Page MenuHomePhabricator

Error pulling image from docker registry
Closed, ResolvedPublic

Description

When attempting to pull Kask v1.0.3 image from docker-registry.wikimedia.org I get the following error:

Error response from daemon: received unexpected HTTP status: 502 connect failed

The error was traced to pulling the manifest from the registry; e.g., curl https://docker-registry.wikimedia.org/v2/wikimedia/mediawiki-services-kask/manifests/v1.0.3

Snippet of the error html:

<p>See the error message at the bottom of this page for more&nbsp;information.</p>
</div>
</div>
<div class="footer"><p>If you report this error to the Wikimedia System Administrators, please include the details below.</p><p class='text-muted'><code>Request from 2601:406:4300:872d:c042:21e9:5c83:e275 via cp1075.eqiad.wmnet, ATS/8.0.5<br>Error: 502, connect failed at 2019-08-27 21:22:22 GMT</code></p></div>

Event Timeline

Jdforrester-WMF subscribed.

Tagging in Traffic; this is the server (cp1075) running ATS not Varnish, right?

BBlack added subscribers: ema, BBlack.

Assigning to @ema to investigate (yes, this is the live test server for ATS backends for these servers). Most likely the problem is specific to ATS<->docker-registry, probably because the underlying service TLS certificate's SAN list doesn't match the public name docker-registry.wikimedia.org.

greg triaged this task as Unbreak Now! priority.Aug 27 2019, 9:44 PM
greg subscribed.

This is blocking CI runs.

This comment was removed by ayounsi.

Depooled cp1075 ats-be service via confctl, can someone retry and confirm mitigated?

Depooled cp1075 ats-be service via confctl, can someone retry and confirm mitigated?

It works!

Please leave this open for now so @ema can look at a more-permanent fixup tomorrow!

Jdforrester-WMF lowered the priority of this task from Unbreak Now! to Medium.Aug 27 2019, 10:00 PM

De-prioritising.

A proper fix for this issue is blocked on cergen bug T231423.
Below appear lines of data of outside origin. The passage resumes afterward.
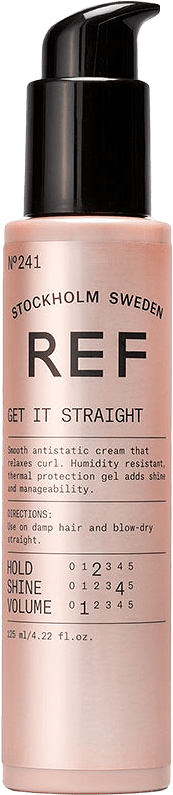 Applicera i fuktigt hår och föna rakt.
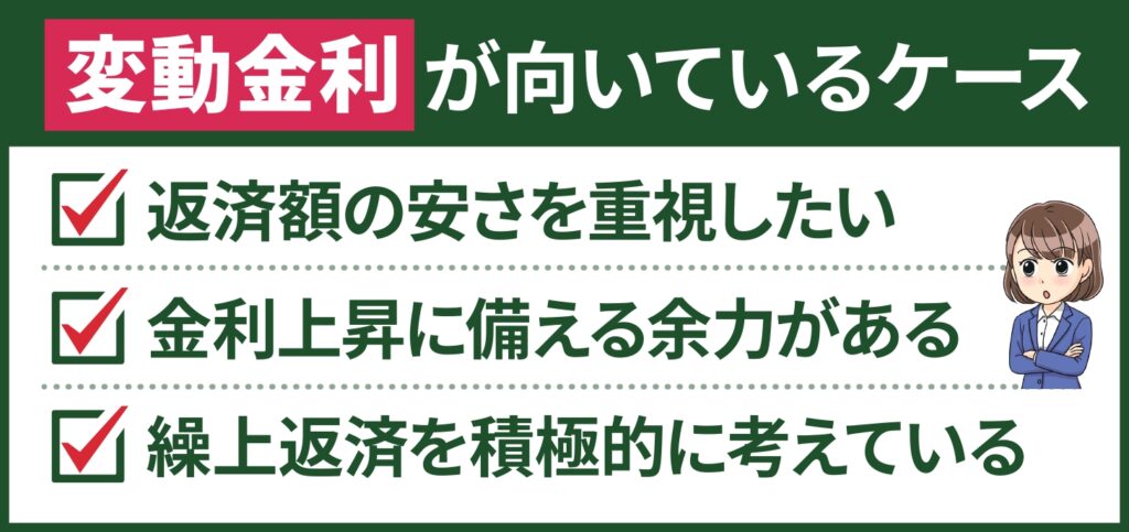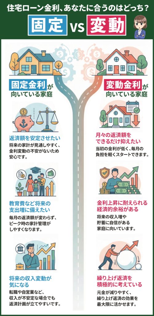 共働きで手元資金を厚くしておきたい家庭でも選ばれやすい金利タイプです。
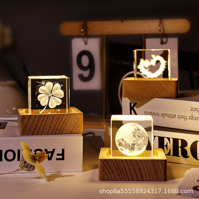 正方形の水晶の置物の発光の小さい夜の明かりの中で工芸品を彫って贈り物を飾ります。
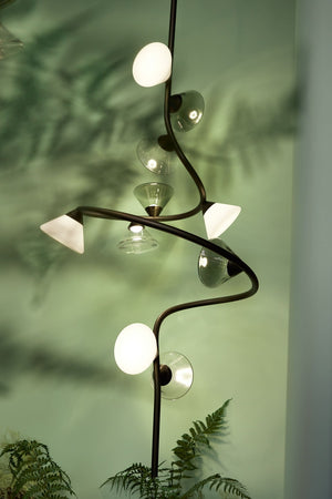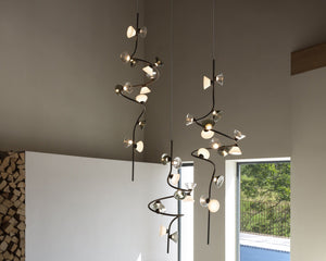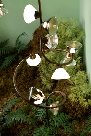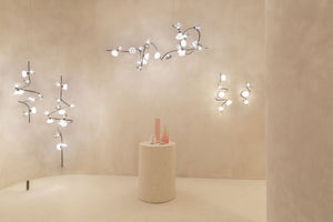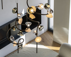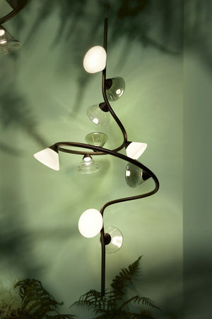 Description: Inspired and characterized by the natural world, the Linfa family of lamps unfolds on arms so sinuous and elegant as to evoke the veins that run through the leaves, with bright points of light that shine like dew drops. Available in pendant, floor, table and wall versions, the refined branches come in gold, titanium or matt nickel finishes. The light sources, crafted from Murano glass, are available in smoky, transparent, or milky white finishes.
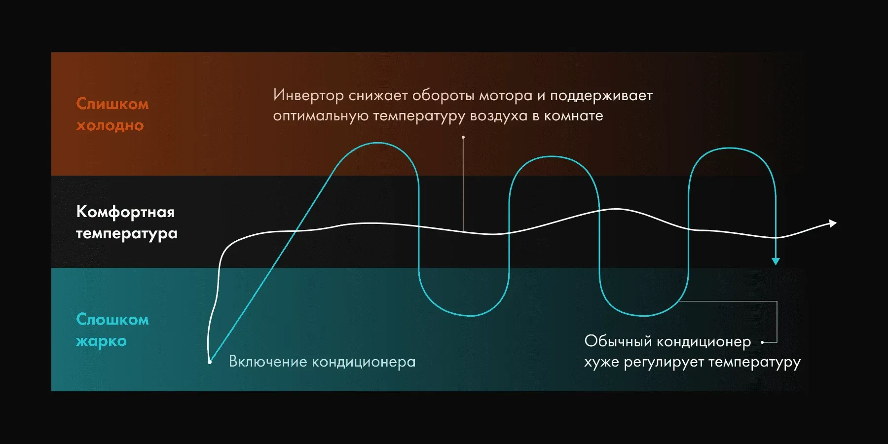Инверторные кондиционеры регулируют скорость работы компрессора. После того как кондиционер отрегулирует необходимую температуру в помещении, он не отключается, а снижает обороты компрессора до минимума и плавно обеспечивает заданную температуру без каких-либо скачков, что снижает энергопотребление, а также способствует увеличению долговечности компрессора кондиционера.

I am going to disable TLS between ATS and eqiad's docker-registry for the time being. cp1075 is also in eqiad, so there's no cross-DC traffic that can be snooped on anyways.

Change 532953 had a related patch set uploaded (by Ema; owner: Ema):
[operations/puppet@production] ATS: temporarily use plain HTTP to access docker-registry

https://gerrit.wikimedia.org/r/532953

Change 532953 merged by Ema:
[operations/puppet@production] ATS: temporarily use plain HTTP to access docker-registry

https://gerrit.wikimedia.org/r/532953

Change 533041 had a related patch set uploaded (by Ema; owner: Ema):
[operations/puppet@production] Revert "ATS: temporarily use plain HTTP to access docker-registry"

https://gerrit.wikimedia.org/r/533041

Change 533041 merged by Ema:
[operations/puppet@production] Revert "ATS: temporarily use plain HTTP to access docker-registry"

https://gerrit.wikimedia.org/r/533041

We have managed to generate a proper certificate for the docker-registry origin servers, and cp1075 is now back to using TLS to connect to them.

$ curl -v --resolve docker-registry.wikimedia.org:443:208.80.154.224 https://docker-registry.wikimedia.org/v2/wikimedia/mediawiki-services-kask/manifests/v1.0.3
[...]
> GET /v2/wikimedia/mediawiki-services-kask/manifests/v1.0.3 HTTP/2
> Host: docker-registry.wikimedia.org
[...]
< HTTP/2 200 
< date: Thu, 29 Aug 2019 10:45:21 GMT
< content-type: application/vnd.docker.distribution.manifest.v1+prettyjws
[...]
< x-cache: cp1075 miss, cp1077 miss
[...]
{
   "schemaVersion": 1,
   "name": "wikimedia/mediawiki-services-kask",
   "tag": "v1.0.3",
   "architecture": "amd64",